Einer der prominentesten Orte im Düsseldorfer Innenstadtbereich ist sicherlich der Carlsplatz. Dort gibt es noch einen vergleichsweise großen Wochenmarkt, wie er in anderen Städten – was Größe und Angebot angeht – immer rarer wird.

Trotz des positiven Lichtes, in dem der Carlsplatz erscheint, haben die im Verein Händler des Carlsplatz organisierten Unternehmer die Zeichen der Zeit erkannt. Seit August führt der Journalisten Andre Zalbertus die Geschäfte der Carlsplatz GmbH. Mit Beginn des kommenden Jahres soll der Carlsplatz neu vermarktet werden. Partner ist die Eggert Group.

Einer der wichtigsten Bausteine: der Club Carlsplatz.
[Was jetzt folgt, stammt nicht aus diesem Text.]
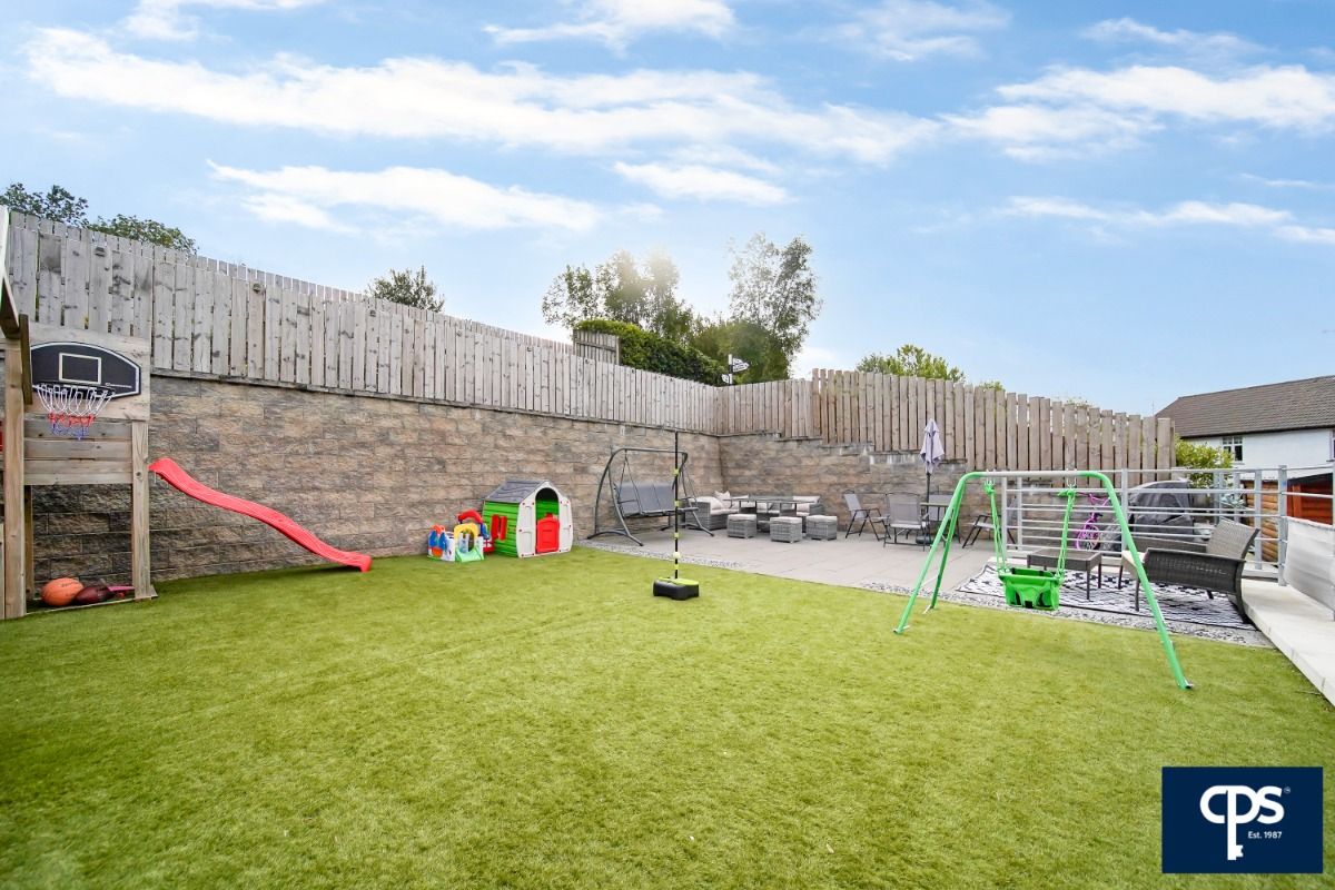 Externally, this home continues to impress. Set on an extensive elevated site, it offers ample tarmac off-street parking, a neatly maintained front garden laid in lawn, an enclosed rear artificial lawn and raised patio area, perfect for outdoor entertaining and for a children’s play area.
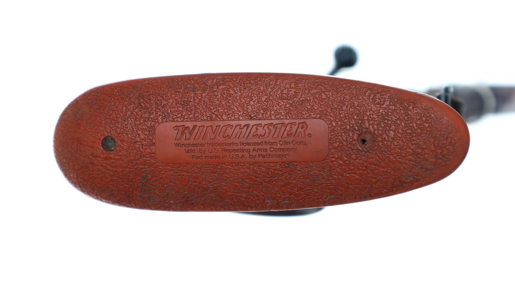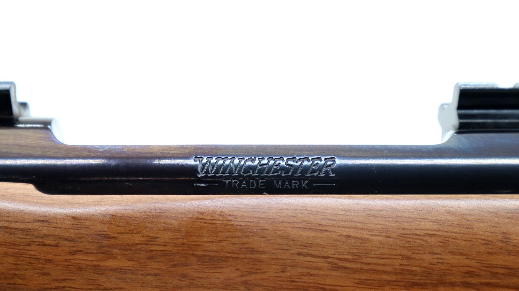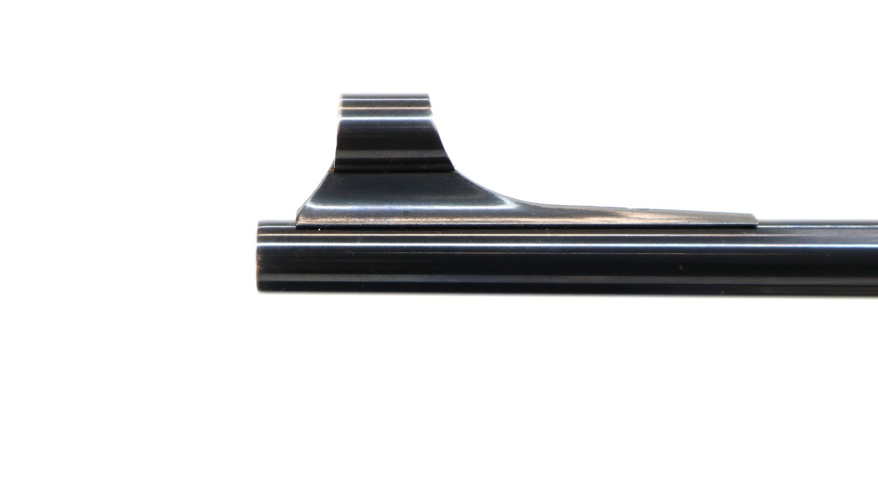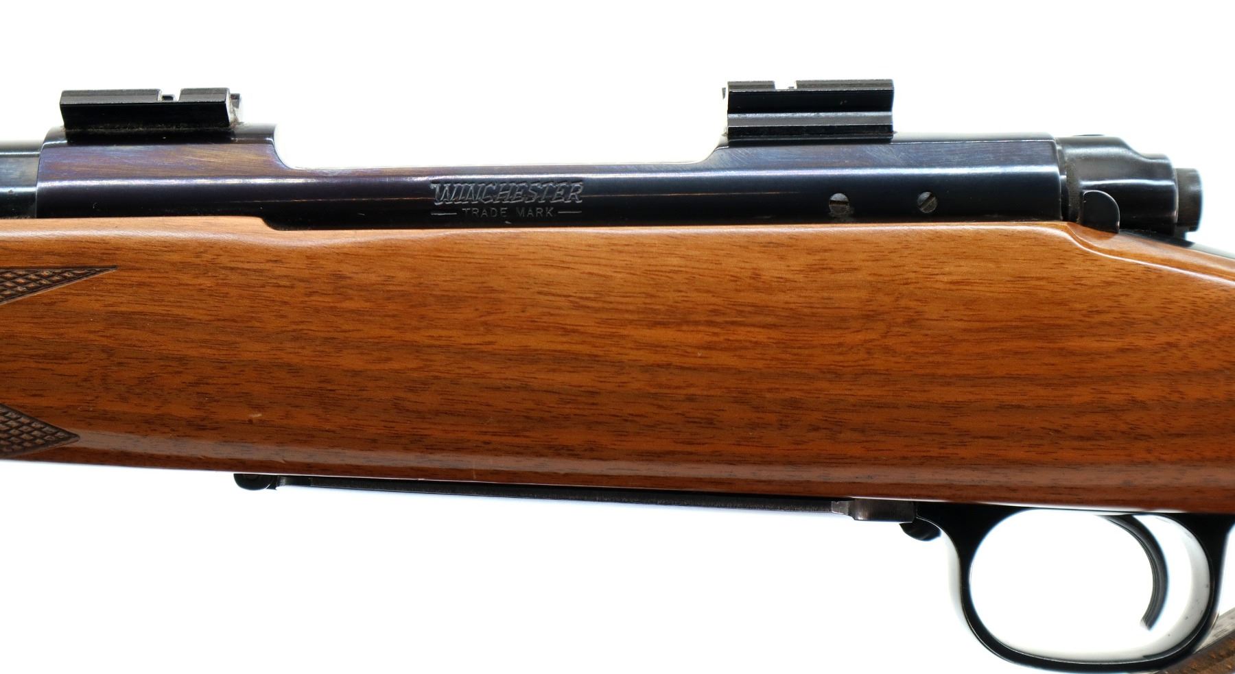 Main Description: Blade front sight with hood and ramp, adjustable folding u notched rear sight, polish blued finish, receiver drilled and tapped with two piece scope bases installed, jeweled push feed bolt with checkered knob. One piece satin finish wood stock, checkered forearm and pistol grip, cheek rest, red rubber recoil pad, 13.5" LOP, grip cap, hinged floor plate, sling swivels with brown leather sling.
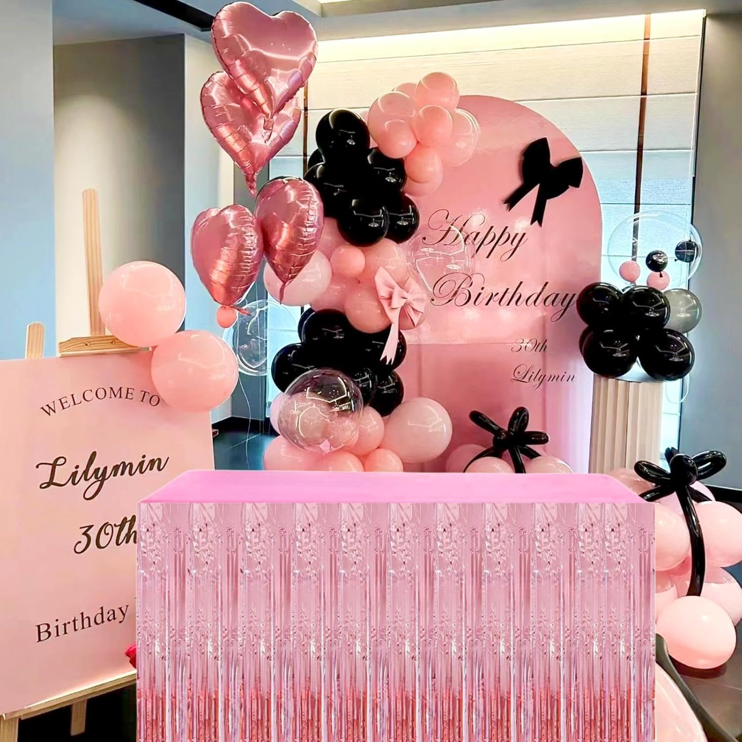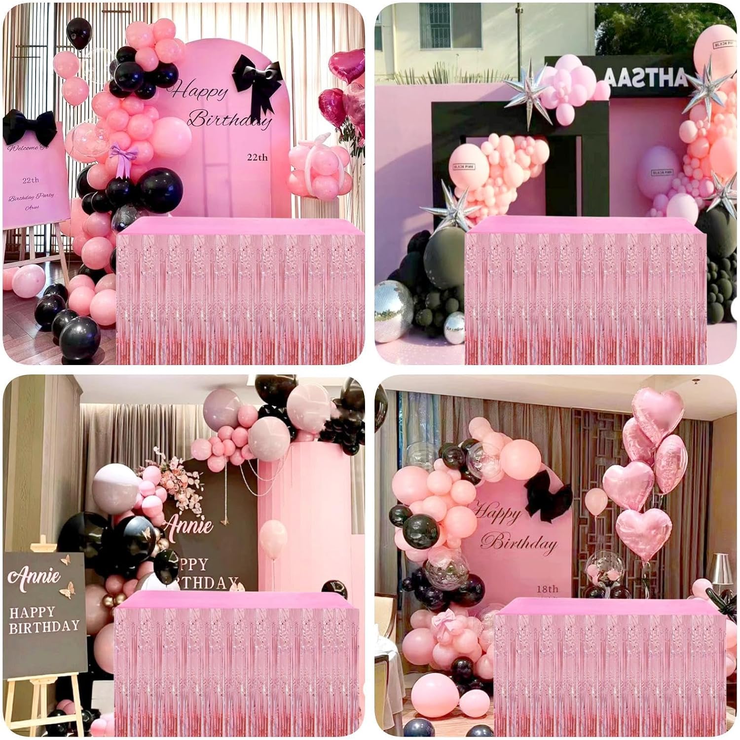 Pink Streamers Party Decorations, 2 Packs Pink Table Skirts Metallic Foil Fringe Tinsel for Birthday Bachelorette Girl Baby Shower Fiesta Float Parade Graduation Party Supplies -29x108Inch
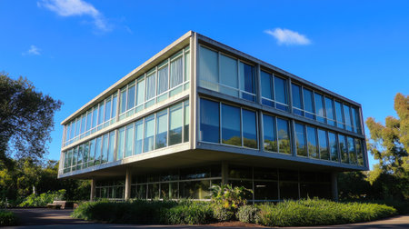 Discover a stunning office building from the 1960s featuring a geometric design. Highlighting clean lines and a harmonious blend with the environment.
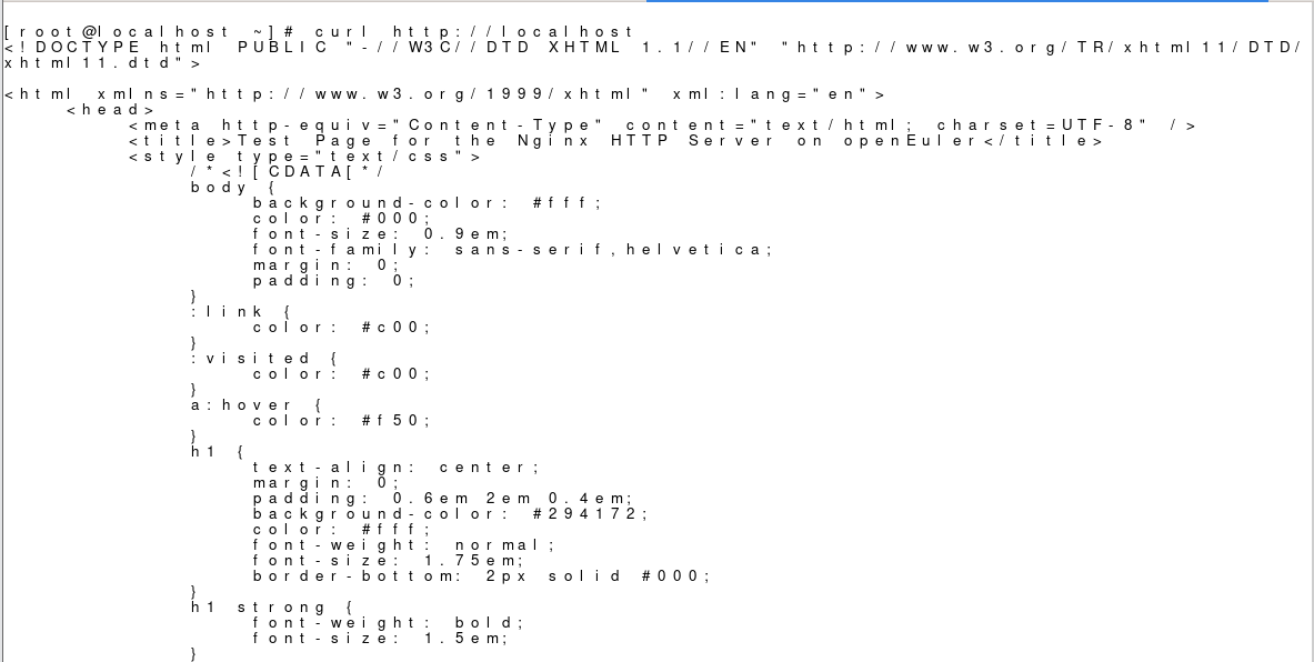 通过curl本地测试,成功返回 Nginx 的默认欢迎页面 HTML 代码,证明 Web 服务器已正常运行。
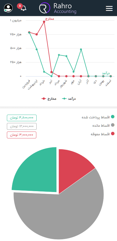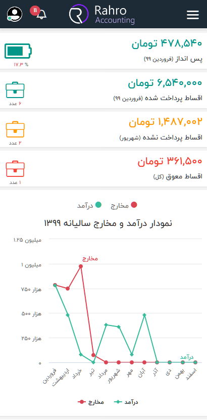 تمامی مخارج و درآمد 12 ماهه سال را بر روی نمودار می توانید مشاهده کنید.
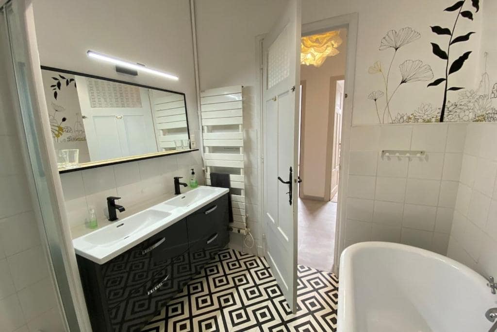 Au rez-de-jardin, un appartement indépendant composé d’une chambre double, d’une chambre avec deux lits superposés, d’une salle de bain et d’une terrasse privative, pourra accueillir confortablement 4 autres personnes.

Stammkunden erhalten vom jeweiligen Händler ihres Vertrauens eine Clubkarte. Karteninhaber können dann von Vergünstigungen und dergleichen profitieren. So können Rabatte eingeräumt, eine Aufbewahrung der Einkäufe arrangiert oder Parplatzkontingente gewährt werden.

Zudem sollen Kooperationen mit potentiellen Partnern angestoßen werden, um gemeinsame Vermarktungsaktionen auf den Weg zu bringen. Warum nicht beispielsweise eine Weinprobe auf dem Carlsplatz, wenn in der Stadt eine Weinmesse stattfindet?

„Unsere Vision ist es“, so Sven Eggert von der Eggert Group, „für den Carlsplatz ein gemeinschaftliches Erlebnis zu schaffen.“ Das betrifft Händler und Kunden gleichermaßen. Wichtig bei den Plänen ist das rechte Augenmaß. „Wir müssen aufpassen, dass das Ganze nicht übervermarktet wird“, so Eggert.
Punkten soll der Carlsplatz vor allem mit dem, was er bereits hat, ein Lebens- und Einkaufsgefühl, dass von persönlichem Kontakt zwischen den Händlern und ihren Kunden geprägt ist. „Ganz wichtig ist die Mischung von allem und das Gefühl – das unterscheidet uns zum Beispiel von Amazon“, betont Andre Zalbertus.

Auch soll das Verhältnis zwischen alteingesessenen und neuen Händlern verbessert werden. Erste konstruktive Gespräche hat Zalbertus bereits geführt.